EXERCISE REQUIREMENTS: Exclude the pictures, then restate exactly each line of the data below from the first through the line containing "ยังไม่ทันไร สองหนุ่มก็เกิดอาการหิวขึ้นมาซะแล้ว งี้จะรอดไหม?".

PROVIDED MATERIAL:

──────────

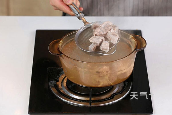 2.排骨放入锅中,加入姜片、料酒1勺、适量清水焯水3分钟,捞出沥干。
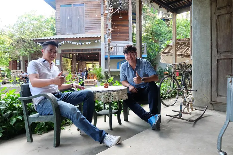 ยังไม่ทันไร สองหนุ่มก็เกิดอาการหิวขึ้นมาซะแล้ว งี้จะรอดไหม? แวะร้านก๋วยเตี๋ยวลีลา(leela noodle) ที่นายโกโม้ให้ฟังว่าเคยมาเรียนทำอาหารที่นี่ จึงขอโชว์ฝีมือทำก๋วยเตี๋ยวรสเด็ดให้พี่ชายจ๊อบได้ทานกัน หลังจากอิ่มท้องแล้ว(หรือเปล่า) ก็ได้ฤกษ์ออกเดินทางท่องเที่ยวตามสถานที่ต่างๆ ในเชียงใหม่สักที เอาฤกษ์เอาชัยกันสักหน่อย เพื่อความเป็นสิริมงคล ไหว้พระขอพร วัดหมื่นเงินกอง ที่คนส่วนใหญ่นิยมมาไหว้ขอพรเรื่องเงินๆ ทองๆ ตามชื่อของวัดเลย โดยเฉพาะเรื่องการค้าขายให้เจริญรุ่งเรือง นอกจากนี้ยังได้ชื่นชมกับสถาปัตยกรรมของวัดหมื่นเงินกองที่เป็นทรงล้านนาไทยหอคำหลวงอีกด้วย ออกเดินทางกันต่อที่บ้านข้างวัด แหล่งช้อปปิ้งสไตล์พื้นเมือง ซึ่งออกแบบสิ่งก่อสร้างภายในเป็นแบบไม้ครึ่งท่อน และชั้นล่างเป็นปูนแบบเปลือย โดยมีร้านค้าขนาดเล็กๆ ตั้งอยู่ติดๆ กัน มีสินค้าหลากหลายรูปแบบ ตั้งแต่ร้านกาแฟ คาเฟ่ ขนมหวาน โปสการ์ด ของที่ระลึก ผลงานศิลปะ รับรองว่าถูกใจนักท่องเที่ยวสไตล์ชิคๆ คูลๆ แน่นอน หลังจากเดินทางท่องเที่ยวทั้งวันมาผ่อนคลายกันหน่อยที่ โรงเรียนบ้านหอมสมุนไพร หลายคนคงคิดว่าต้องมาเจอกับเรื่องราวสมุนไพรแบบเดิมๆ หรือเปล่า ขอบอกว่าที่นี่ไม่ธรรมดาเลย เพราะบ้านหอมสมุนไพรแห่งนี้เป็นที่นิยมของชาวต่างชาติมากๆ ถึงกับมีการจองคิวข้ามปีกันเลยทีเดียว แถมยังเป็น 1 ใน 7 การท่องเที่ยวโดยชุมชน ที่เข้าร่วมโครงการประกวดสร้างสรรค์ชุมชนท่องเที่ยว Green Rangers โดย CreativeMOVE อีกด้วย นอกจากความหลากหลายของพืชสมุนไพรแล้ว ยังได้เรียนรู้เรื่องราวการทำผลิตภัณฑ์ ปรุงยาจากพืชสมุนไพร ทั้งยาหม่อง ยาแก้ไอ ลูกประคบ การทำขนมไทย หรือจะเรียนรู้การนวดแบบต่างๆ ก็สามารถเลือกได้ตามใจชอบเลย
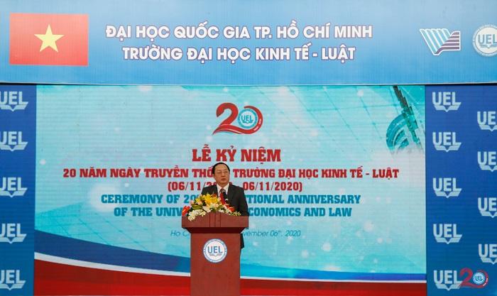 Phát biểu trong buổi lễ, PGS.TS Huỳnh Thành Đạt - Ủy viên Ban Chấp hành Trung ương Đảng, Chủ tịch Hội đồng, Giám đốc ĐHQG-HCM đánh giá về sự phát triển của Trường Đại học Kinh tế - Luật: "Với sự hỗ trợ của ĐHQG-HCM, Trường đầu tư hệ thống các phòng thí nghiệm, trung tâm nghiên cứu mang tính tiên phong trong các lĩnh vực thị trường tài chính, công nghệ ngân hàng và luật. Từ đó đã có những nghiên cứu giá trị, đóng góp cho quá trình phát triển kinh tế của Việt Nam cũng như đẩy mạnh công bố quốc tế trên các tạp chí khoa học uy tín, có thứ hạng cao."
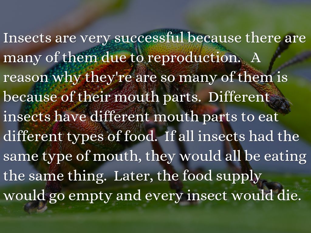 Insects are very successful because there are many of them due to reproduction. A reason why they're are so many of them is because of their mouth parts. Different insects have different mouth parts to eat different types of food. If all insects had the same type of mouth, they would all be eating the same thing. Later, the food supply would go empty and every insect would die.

──────────

RESULT OF THIS EXERCISE:
 2.排骨放入锅中,加入姜片、料酒1勺、适量清水焯水3分钟,捞出沥干。
 ยังไม่ทันไร สองหนุ่มก็เกิดอาการหิวขึ้นมาซะแล้ว งี้จะรอดไหม? แวะร้านก๋วยเตี๋ยวลีลา(leela noodle) ที่นายโกโม้ให้ฟังว่าเคยมาเรียนทำอาหารที่นี่ จึงขอโชว์ฝีมือทำก๋วยเตี๋ยวรสเด็ดให้พี่ชายจ๊อบได้ทานกัน หลังจากอิ่มท้องแล้ว(หรือเปล่า) ก็ได้ฤกษ์ออกเดินทางท่องเที่ยวตามสถานที่ต่างๆ ในเชียงใหม่สักที เอาฤกษ์เอาชัยกันสักหน่อย เพื่อความเป็นสิริมงคล ไหว้พระขอพร วัดหมื่นเงินกอง ที่คนส่วนใหญ่นิยมมาไหว้ขอพรเรื่องเงินๆ ทองๆ ตามชื่อของวัดเลย โดยเฉพาะเรื่องการค้าขายให้เจริญรุ่งเรือง นอกจากนี้ยังได้ชื่นชมกับสถาปัตยกรรมของวัดหมื่นเงินกองที่เป็นทรงล้านนาไทยหอคำหลวงอีกด้วย ออกเดินทางกันต่อที่บ้านข้างวัด แหล่งช้อปปิ้งสไตล์พื้นเมือง ซึ่งออกแบบสิ่งก่อสร้างภายในเป็นแบบไม้ครึ่งท่อน และชั้นล่างเป็นปูนแบบเปลือย โดยมีร้านค้าขนาดเล็กๆ ตั้งอยู่ติดๆ กัน มีสินค้าหลากหลายรูปแบบ ตั้งแต่ร้านกาแฟ คาเฟ่ ขนมหวาน โปสการ์ด ของที่ระลึก ผลงานศิลปะ รับรองว่าถูกใจนักท่องเที่ยวสไตล์ชิคๆ คูลๆ แน่นอน หลังจากเดินทางท่องเที่ยวทั้งวันมาผ่อนคลายกันหน่อยที่ โรงเรียนบ้านหอมสมุนไพร หลายคนคงคิดว่าต้องมาเจอกับเรื่องราวสมุนไพรแบบเดิมๆ หรือเปล่า ขอบอกว่าที่นี่ไม่ธรรมดาเลย เพราะบ้านหอมสมุนไพรแห่งนี้เป็นที่นิยมของชาวต่างชาติมากๆ ถึงกับมีการจองคิวข้ามปีกันเลยทีเดียว แถมยังเป็น 1 ใน 7 การท่องเที่ยวโดยชุมชน ที่เข้าร่วมโครงการประกวดสร้างสรรค์ชุมชนท่องเที่ยว Green Rangers โดย CreativeMOVE อีกด้วย นอกจากความหลากหลายของพืชสมุนไพรแล้ว ยังได้เรียนรู้เรื่องราวการทำผลิตภัณฑ์ ปรุงยาจากพืชสมุนไพร ทั้งยาหม่อง ยาแก้ไอ ลูกประคบ การทำขนมไทย หรือจะเรียนรู้การนวดแบบต่างๆ ก็สามารถเลือกได้ตามใจชอบเลย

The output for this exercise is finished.